In the kind of republic the framers envisioned, this is a travesty of failed domestic policies, which are supposed to protect American families and laborers. Policymakers and industry leaders failed generations of working-class Americans — all for the sake of “more consumer freedom” and cheaper, foreign-made goods. In that republic, the nation would acknowledge and repent of the destruction of entire communities — ones that were integral to its rise as a superpower.
Instead, our elites in politics, the academy, and entertainment ridiculed blue-collar Americans as backward hicks and bigots, who deserved to be cast aside. We shame them for their sins and failures, when the very policies the elite class trumpeted as our collective future devastated the Rust Belt and Appalachia.
Yes, individuals are responsible for their bad decisions — to become addicts, to leave their spouses, to fail to keep a steady job. But this didn’t happen in a vacuum: These people’s economic and social safety net collapsed within a single generation.
The Left’s Own “Throw-Away Culture”
The celebration of recently-arrived, hard-working immigrants at the expense of troubled native-born Americans, quite poignantly demonstrates the left’s own tendency toward the often-called modern “throw-away culture” of convenience and replaceability. When it comes to energy, recycling, or “buying local,” the left unhesitatingly speaks the language of sustainability, community, and anti-consumerism. But when it comes to native-born working-class Americans, leftists have no problem denigrating their fellow citizens as “deplorables.” Immigrants, in contrast, “get the job done,” as the musical Hamilton declares.
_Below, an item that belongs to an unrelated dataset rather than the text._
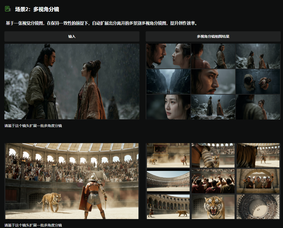多视角分镜扩展:基于单张参考图,系统可自动推理并扩展出不同景别(如特写、远景)和不同视角的画面,极大丰富了故事素材库。
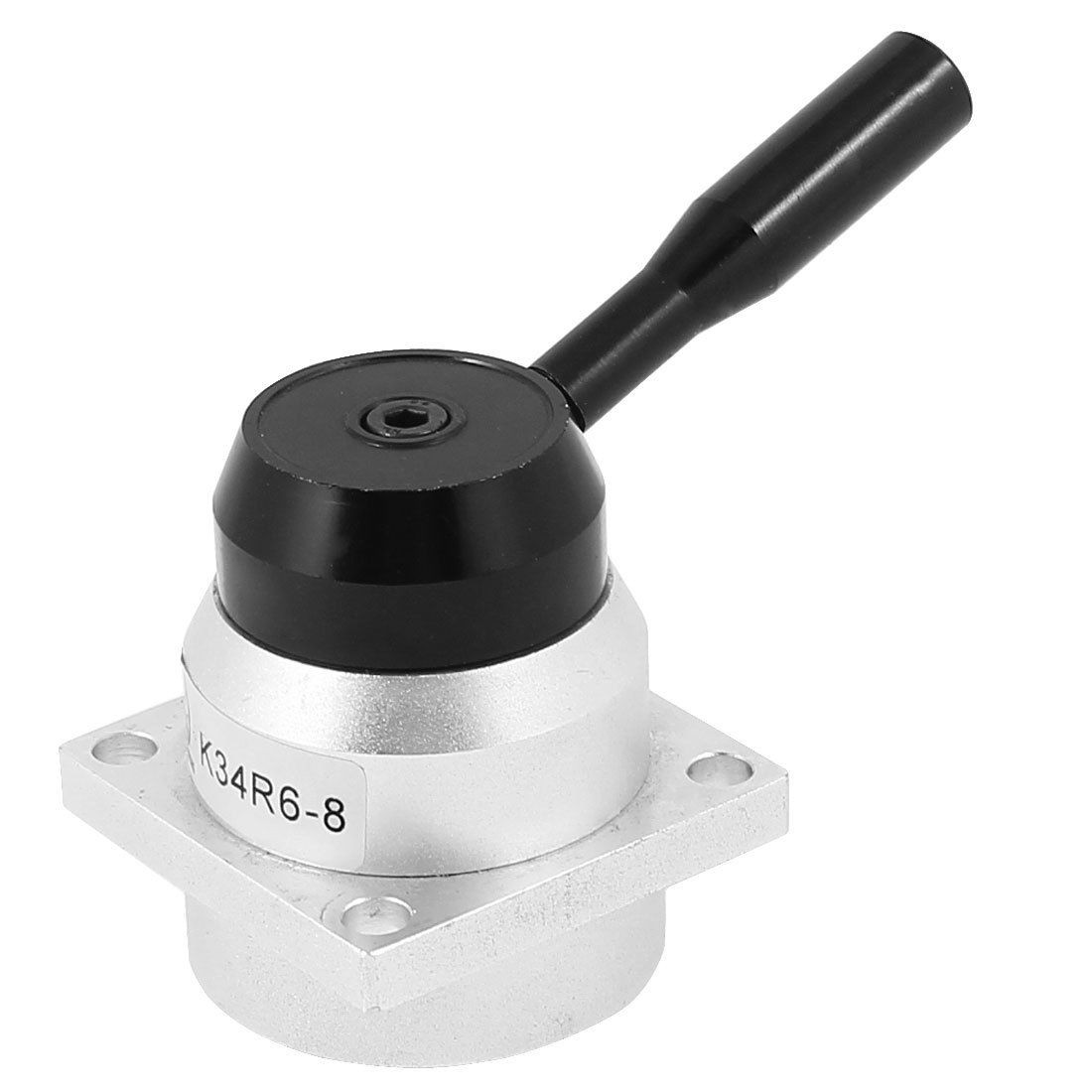 Details1/4PT 3 Positions 4 Ports Air Hand Pneumatic Switching Valve K34R6-8  Product Name Hand Lever Valve Model K34R6-8 Fluid Air Joint Pipe Size 1/4PT Joint Pipe Dia 12mm Action Direct Acting Type Actuation Type 3 Position 4 Way 4 Port Max. Pressure 1MPa Valve Size 55 x 55 x 61mm/ 2.2" x 2.2" x 2.4" (L*W*H) Lever Size 56 x 13mm/ 2.2" x 0.5" (L*D) Fixing Hole Diameter 6mm/ 0.24" Fixing Hole Center Distance 45 x 45mm/1.8" x 1.8"(L*W) Material Plastic, Metal Net Weight 290g Package Content 1 x Hand Lever Valve

Yet, immigrants did not build America (even if they played a critical role). Settlers did, as John Daniel Davidson’s recent Federalist article reminds us. Today, a pro-immigrant ideology seeks to repudiate that ancestry as inherently racist and colonialist and replace the past with newcomers who will keep goods and services cheap and strengthen liberal voting blocs.
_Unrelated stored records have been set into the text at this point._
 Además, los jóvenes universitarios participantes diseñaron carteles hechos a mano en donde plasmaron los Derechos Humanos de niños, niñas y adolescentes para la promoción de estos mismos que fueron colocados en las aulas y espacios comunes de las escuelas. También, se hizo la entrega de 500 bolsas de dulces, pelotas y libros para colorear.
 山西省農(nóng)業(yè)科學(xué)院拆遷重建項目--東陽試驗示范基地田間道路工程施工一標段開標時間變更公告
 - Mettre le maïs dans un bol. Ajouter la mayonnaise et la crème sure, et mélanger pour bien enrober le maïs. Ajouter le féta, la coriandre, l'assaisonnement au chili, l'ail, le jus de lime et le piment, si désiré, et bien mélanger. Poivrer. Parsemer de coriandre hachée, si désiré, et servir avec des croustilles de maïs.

This is reprehensible. Our fellow citizens are our neighbors — if not our very flesh and blood. If they are struggling to keep a job or stay sober, we should not cast them into the darkness but help them, pray for them, and uplift them. Civic friendship — and Christianity, if we still hold to it — demands we do better for an America that feels left behind. That course — which undoubtedly requires a massive shift in our national social and economic priorities — may not be as easy as welcoming in millions of immigrants grateful for a better life. But it’s the right thing to do, as Vice President Vance argued when he spoke of the ordo amoris, the “order of charity,” that prioritizes those closest to us. Indeed, it’s the American thing to do.